A study in the April issue of the Journal of Adolescent Health reports that hormonal therapy significantly alters many lab values in transgender youth, such as levels of potassium and hemoglobin. However, during the roughly two-year period of this study, almost none of these changes led to any clinical safety concerns.
“To our knowledge, this is the first prospective study examining the physiologic changes that occur among minors and young adults undergoing treatment with gender-affirming hormones, for the purpose of … gender transition,” wrote Johanna Olson-Kennedy, M.D., of Children’s Hospital Los Angeles and colleagues.
Olson-Kennedy and colleagues enrolled 101 youth aged 12 to 23 who were planning to undergo gender transition at Children’s Hospital’s Center for Transyouth Health and Development and followed them for 21 to 31 months. At the end of the follow-up period, data were available for analysis on 59 participants (25 transfeminine and 34 transmasculine).

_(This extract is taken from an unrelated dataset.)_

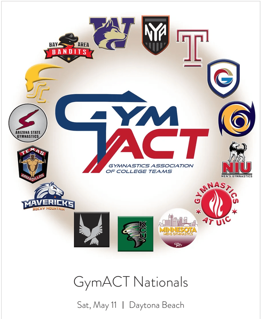 GymACT (Gymnastics Association of College Teams) is organized to help create, grow and maintain collegiate Men’s gymnastics. Teams are unaffiliated with the NCAA and not funded by schools, yet striving to compete at the same level.

The transfeminine youth showed statistically significant changes in the levels of high-density lipoprotein (HDL), aspartate aminotransferase, potassium, prolactin, and hemoglobin at follow-up. Transmasculine youth experienced statistically significant changes in blood pressure, HDL, triglycerides, aspartate aminotransferase, alanine aminotransferase, potassium, and hemoglobin levels. None of these changes required any clinical intervention, with the exception of blood pressure elevation in some of the transmasculine youth that warranted hypertensive drugs.
“As the demand for care continues to exponentially increase across the United States, much more data are needed about the impact of hormonal therapy on both physical and mental health in transgender adolescents,” the authors concluded.